What is being asked ▸ To complete this task, print all the data below exactly but leave out the images.

Supplied information ▸
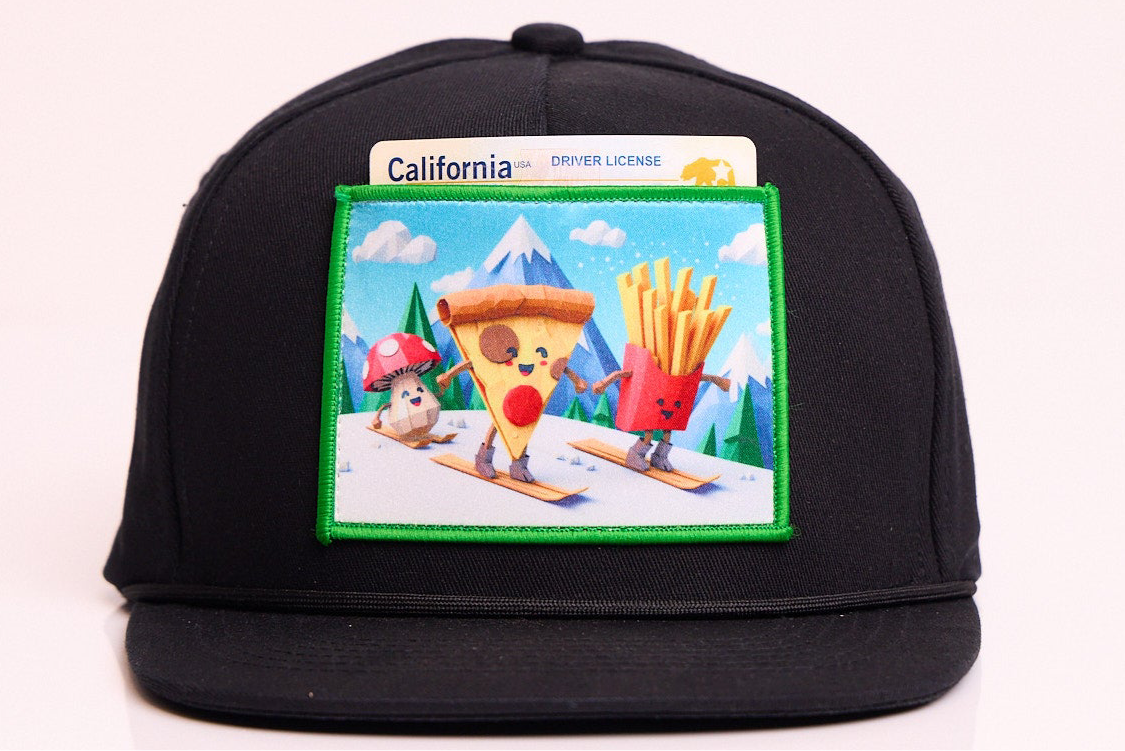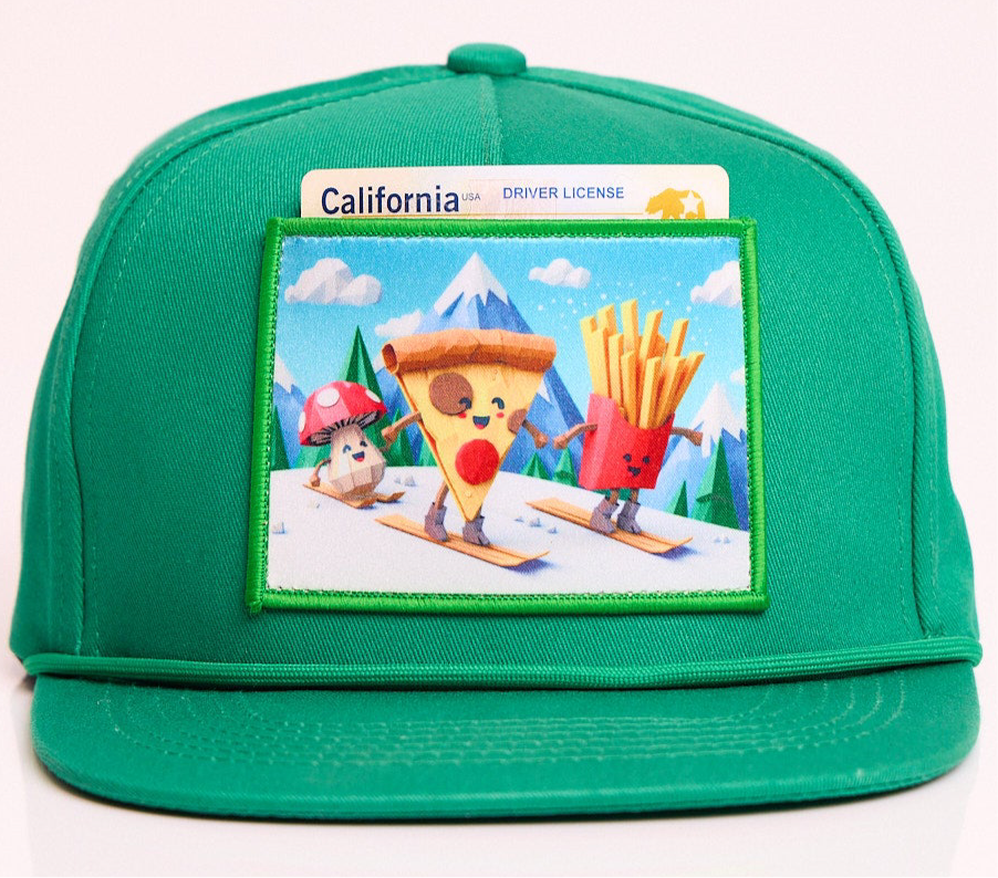 Who didn't learn to ski with the iconic Pizza & French fries methodology?Β This practical lesson comes to life with this playful twist on the classic, featuring a baby mushroom on hand. Designed for adventures big and small, it comes with three hidden interior pockets to safely store your cards, ID, or cash.
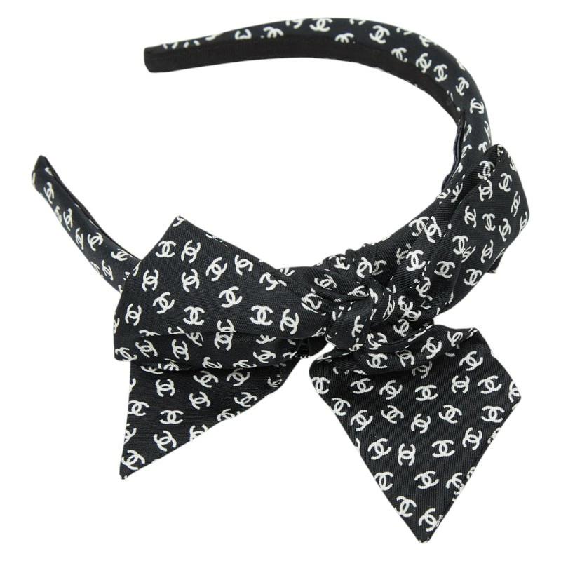 - シャネル ココマーク カチューシャ ヘアアクセサリー ブラック ホワイト シルク レディース CHANEL 【中古】
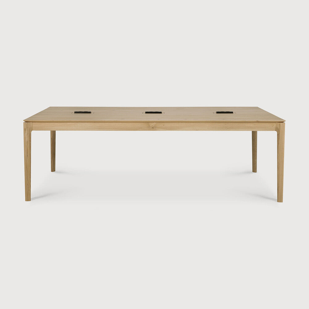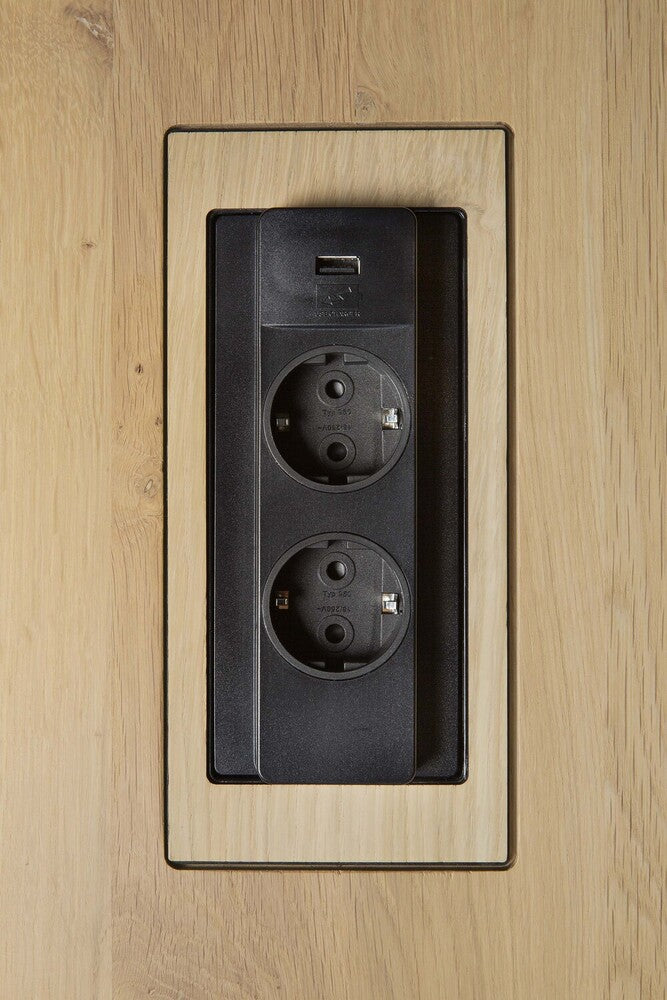 Integrated wire management: 3 sets of flip-open power management, each featuring 2x CEE7/5 electric sockets and 1 USB. TUV certified and compliant with EU directives. Made from slid oak with a varnish finish.

Written answer ▸
 Who didn't learn to ski with the iconic Pizza & French fries methodology?Β This practical lesson comes to life with this playful twist on the classic, featuring a baby mushroom on hand. Designed for adventures big and small, it comes with three hidden interior pockets to safely store your cards, ID, or cash.
 - シャネル ココマーク カチューシャ ヘアアクセサリー ブラック ホワイト シルク レディース CHANEL 【中古】
 Integrated wire management: 3 sets of flip-open power management, each featuring 2x CEE7/5 electric sockets and 1 USB. TUV certified and compliant with EU directives. Made from slid oak with a varnish finish.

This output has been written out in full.